Development of a comprehensive and effective strategy follows the critical review of the environment in which the enterprise needs to compete and succeed.
There are many tools and aids for this process, and libraries have been written, but still most businesses benefit from a fresh eye, unencumbered by any baggage, but informed by the wisdom of experience, and knowledge of the tools and practises that have succeeded elsewhere.
Management of small and medium sized enterprises often have trouble lifting their heads above the daily fray, as there is not the depth of management that enables people to work “on the business” rather than “in the business”. It may be a cliché, but that is why it so often holds true.
The solution to that performance limiting dilemma is to start thinking about strategy, and taking some concrete steps to develop, deploy and measure a strategy that delivers to stakeholders.
One way is to use one of the many templates around, and often the addition of the appropriate expertise on a part time, ad hoc, or contract basis, depending on need is the way forward.

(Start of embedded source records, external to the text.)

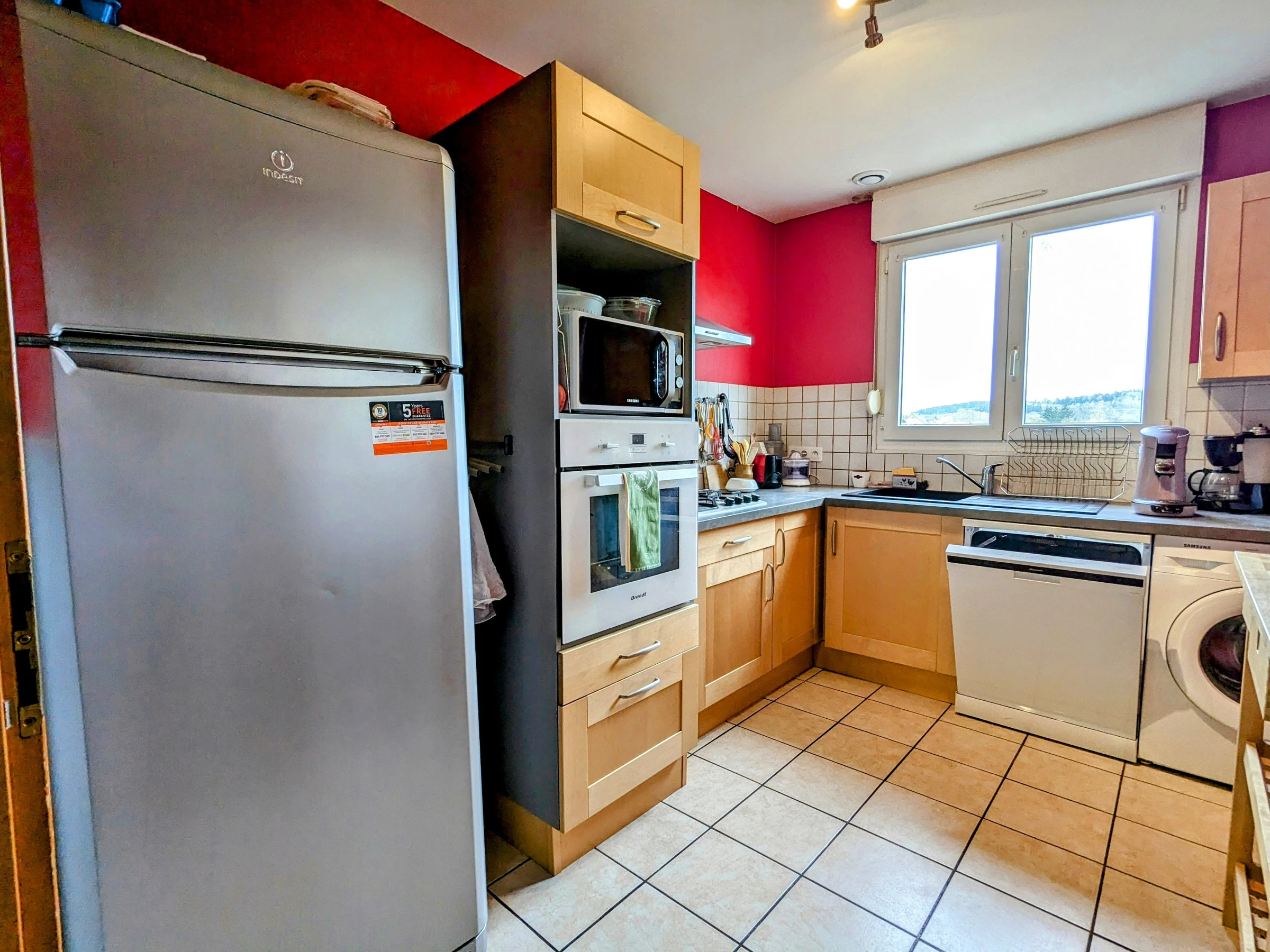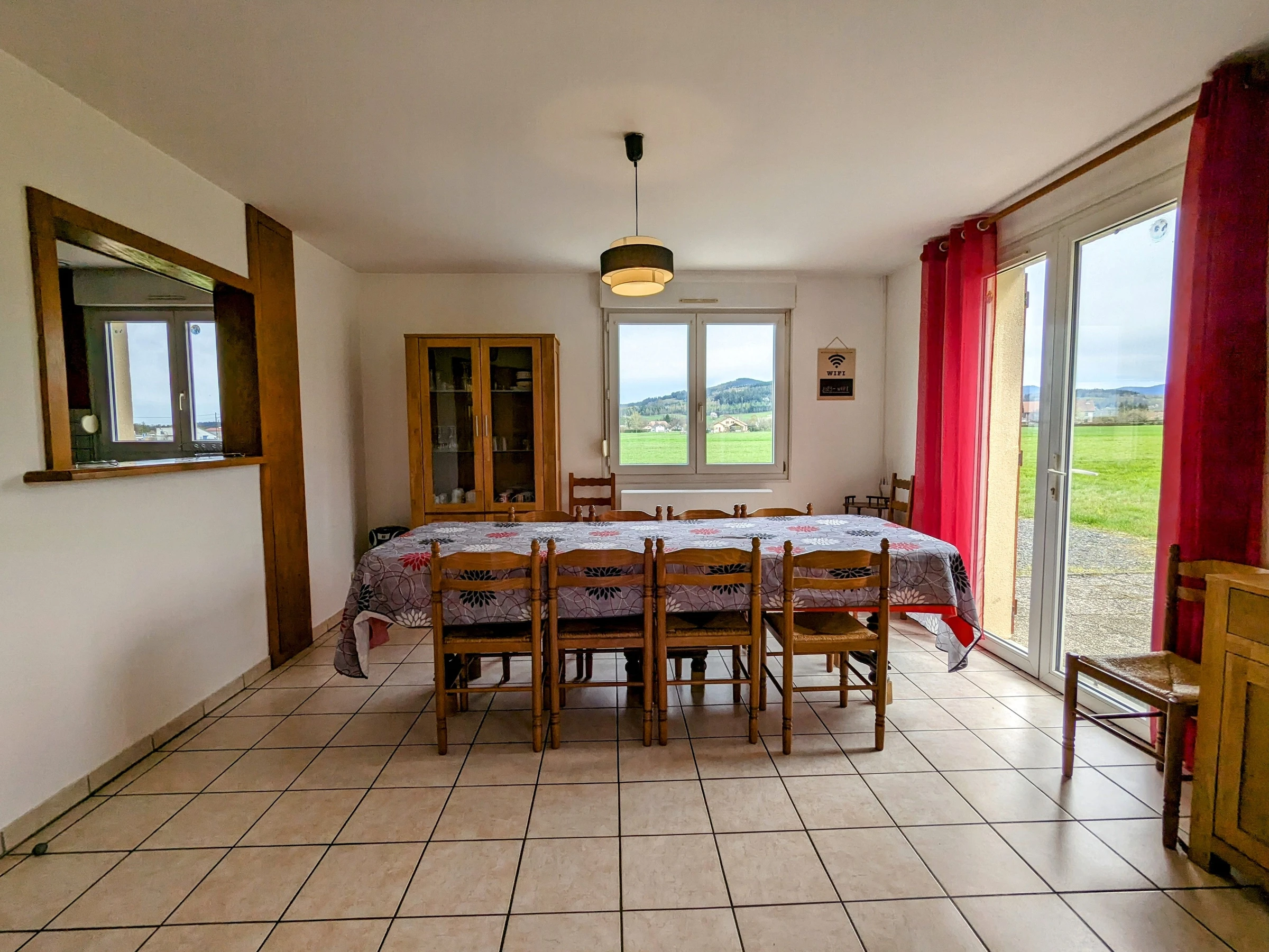 Erdgeschoss für Personen mit eingeschränkter Mobilität zugänglich: Eingang, zum Wohnzimmer halboffene Küche, Wohnzimmer mit Kamin.
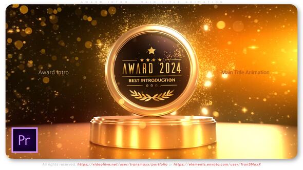 Elevate your video project with the Award Intro – Main Title Animation template for Adobe Premiere Pro, a luxurious, gold-themed opener perfect for celebrating victories and presenting with style. With its easy-to-edit features and clear instructions, this template doesn’t require After Effects—just Premiere Pro CC 2021 or newer. Impress viewers with a professional-looking title animation, featuring smooth transitions and a regal atmosphere.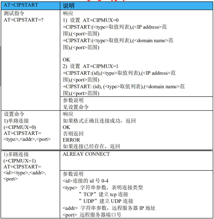 - 2)、AT+CIPSTART:建立TCP 连接或注册 UDP 端口号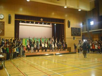 本日、1・2時間目を使って、学芸会に向けて歌と通し練習を行いました。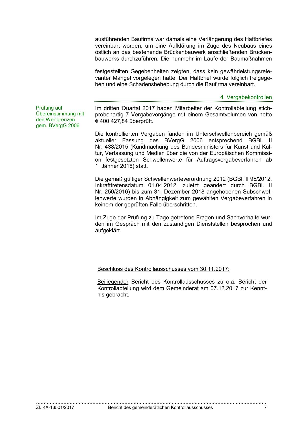 Im dritten Quartal 2017 haben Mitarbeiter der Kontrollabteilung stichprobenartig 7 Vergabevorgänge mit einem Gesamtvolumen von netto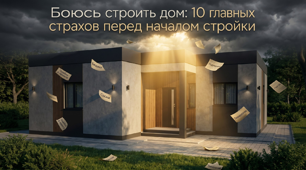 Чаще всего людей пугают бюджет, сроки, ошибки в проекте, выбор подрядчика, участок, технология строительства и риск не довести дом до конца.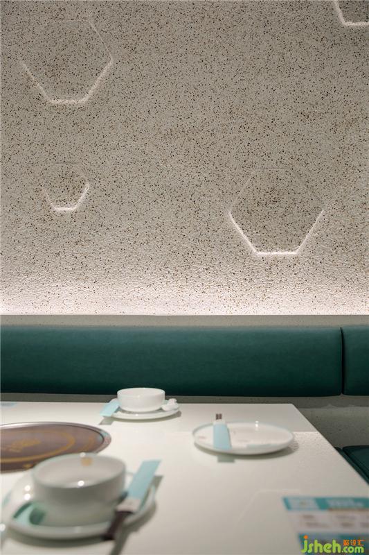 此次椰客店鋪的升級,設計師通過在有限區(qū)域內(nèi)將五邊形的各種形態(tài)盡數(shù)性羅列出來,用以探討空間構成的可能性,并將這種分割融入空間,打造出一個椰樹下的味覺殿堂。洗米石和木材的搭配又增進了餐廳的親和力,內(nèi)外洋溢著休閑度假氣息。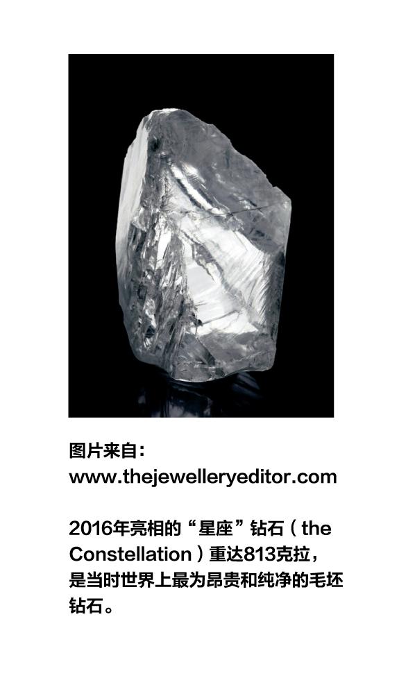 A :从我近 30 2008年珠宝事业中,缘分最深的宝石品类应该属于裸钻。我曾在出入境检验检疫机构和钻石交易市场工作,负责毛坯钻石的进出口控制,搭建交易平台提供裸钻供应链服务。在此期间,我还担任金伯利的国际联系人,在联合国框架下遏制矛盾钻石的进程,一般与全球裸钻行业联系在一起。2016 2000年,金伯利进程全体会议在迪拜举行。我和中国代表团一起参加了会议,有幸见证了当时世界上最昂贵、最纯净的裸钻。 The Constellation(名字意为“星座”)亮相。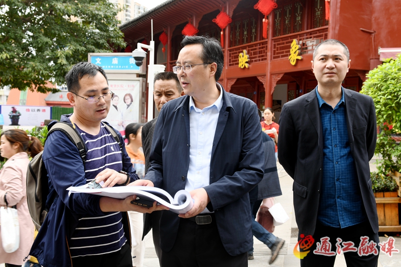 来到红军广场和文庙街,谭青松实地踏勘了项目实施进度,与设计单位、施工单位和业主单位现场逐一研讨改造升级的整体氛围和部分细节。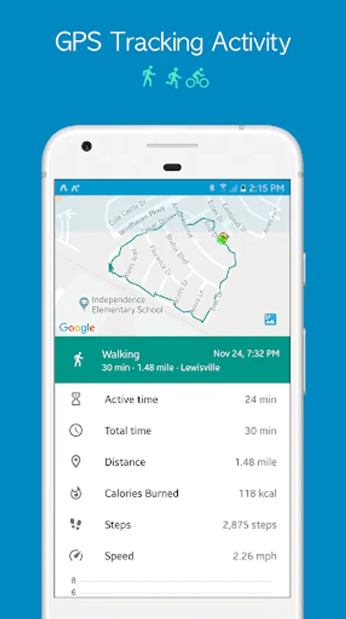 • Activity (walking, running, and biking) tracking with GPS on a map.

In that way, businesses have the benefit of the experience, lack of bias, and critical eye of an appropriately experienced outsider.
For 40 years Allen Roberts, principal of StrategyAudit has wrangled success for his employers and clients in:
Strategy development,
marketing and brand strategy development and implementation,
New product development and commercialisation,
Logistics and value chain management,
Sales management,
Operational improvement,
and more, much more.
So, what is a ‘StrategyAudit”?
Strategies are ideas and information distilled into a plan of action that has at its core a set of choices that have been or should be made. Which customers, which markets, which technologies, and so on.
An audit is a post activity review of things that have happened, comparing the actual to the planned.
How do you audit a strategy? something that has not yet fully happened, that is a set of ideas and choices?
The funny thing about ideas, is that unlike physical things, they have the potential to get better with use, whereas “things” depreciate with use.
This paradox is at the core of the idea of a “Strategy Audit”
It becomes an interrogation of the assumptions, data, plans, capability assessments, and all the other stuff that routinely gets lumped into a “strategy” and most importantly, the fragile links that exist between these pieces of information.
It is the connections and the insights that these connections bring that are at the core of the thoughts on this blog.